As an undergraduate at Aberdeen University in 1922, Linklater wrote the first musical comedy for the Aberdeen Student Show, Stella, the Bajanella, with music by J. S. Taylor. Twenty-four years later, during his tenure as Rector of the University of Aberdeen, his play To Meet the Macgregors was performed as the 1946 Student Show. Abandoning medical studies in Aberdeen, Linklater spent 1925–1927 in Bombay, India as an assistant editor of The Times of India, then travelled extensively before returning to Aberdeen as an assistant to the Professor of English and spending 1928–1930 as a Commonwealth fellow at Cornell and Berkeley.

As a writer, Linklater's career took off in 1929. His success began in his early career years. Altogether he published 23 novels, three volumes of stories, two of verse, ten plays, three works of autobiography and 23 of essays and histories. His third novel, Juan in America, was a hugely popular picaresque, with some of the extravagance of Byron's Don Juan, based on experiences of the absurdity of the Prohibition era, with its resulting gangsterism. It is sprinkled with memorable remarks: "I've been married six months. She looks like a million dollars, but she only knows a hundred and twenty words and she's only got two ideas in her head. The other one's hats." The character returns in Juan in China (1937).

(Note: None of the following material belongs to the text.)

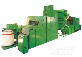 該設備是將晴綸、滌綸、棉及其它化纖合成原料,通過喂毛機初步開松,輸送至開松機,開松后通過梳棉分機送至凝棉器進行除雜、除塵,然后通過自調勻整棉箱喂入梳理成條,進一步除雜,梳理成條干均勻、具有一定重量的毛條供下道工序使用。

Linklater also wrote three children's novels: The Wind on the Moon (1944), The Pirates in the Deep Green Sea (1949) and Karina With Love (1958). The first is about two sisters, whose adventures include becoming kangaroos and rescuing their father from a Hitlerian tyrant, enlisting the anthropomorphic help of a puma and a falcon. Its storytelling skill and treatment of wider themes such as imprisonment and freedom won it a Carnegie Medal.

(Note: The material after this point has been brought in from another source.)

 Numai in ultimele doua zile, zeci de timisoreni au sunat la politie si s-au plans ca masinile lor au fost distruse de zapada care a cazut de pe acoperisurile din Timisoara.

Linklater's Orcadian and Scottish sympathies led him to literary and political involvement in the Scottish Renaissance, culminating in his unsuccessful National Party of Scotland candidacy at the 1933 East Fife by-election. Magnus Merriman (1934) was an acerbic fictionalised description of the debacle. He settled in Orkney with his new wife in 1933.

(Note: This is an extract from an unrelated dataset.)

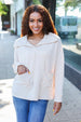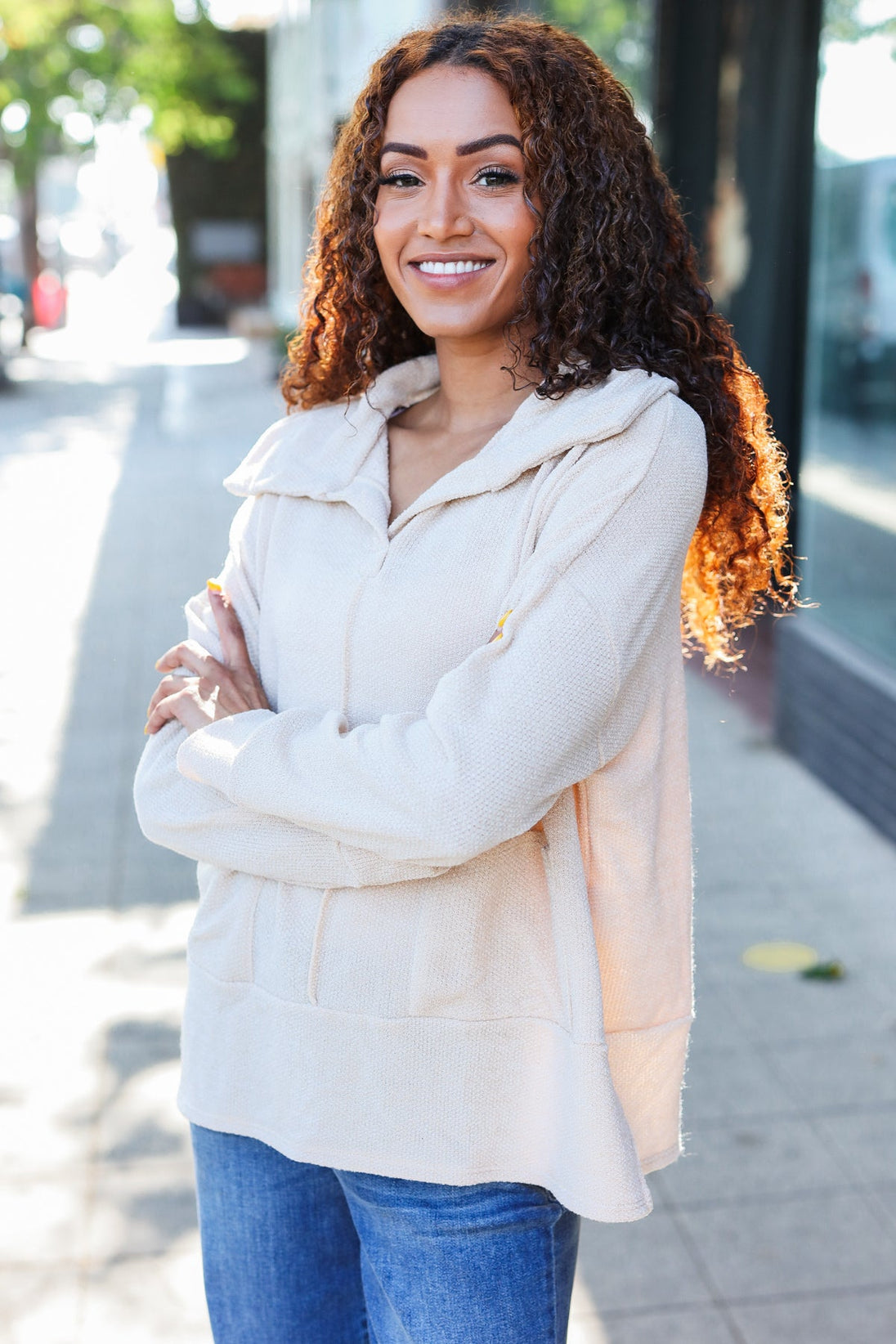 Featuring textured jacquard knit, a notched neck, oversized collar, front pockets and outseam reserve stitching, this pullover top will add a trendy casual element to your fall wardrobe.

The author's attitude to war and the moral implications of diplomacy became sharper in Judas (1939), which explores the concepts of loyalty and treachery amid a strong indictment of the desertion of Czechoslovakia by Britain and France in the name of appeasement. The worsening international situation led to expansion of the Territorial Army (TA). It was decided to raise new units of anti-aircraft and coastal artillery in Orkney to defend the Scapa Flow naval base, with a fortress company of the Royal Engineers to support them. The Lord Lieutenant of Orkney and Shetland asked Linklater, still a Reserve officer, to raise one of these units, and he chose the 'Sappers'. He was commissioned as captain and second-in-command of the Orkney Fortress Royal Engineers on 16 September 1938, but was effective commander. The unit consisted of a single company headquartered at Kirkwall, mainly to operate the electrical generators for the Scapa Flow defences and man the searchlights for the guns. The men were called out from farms and villages shortly before the outbreak of World War II and served through the winter of 1939/1940, when Orkney received a number of Luftwaffe raids. By mid-1940 reinforcements were pouring into the Orkney and Shetland defences and Linklater's command was broken up.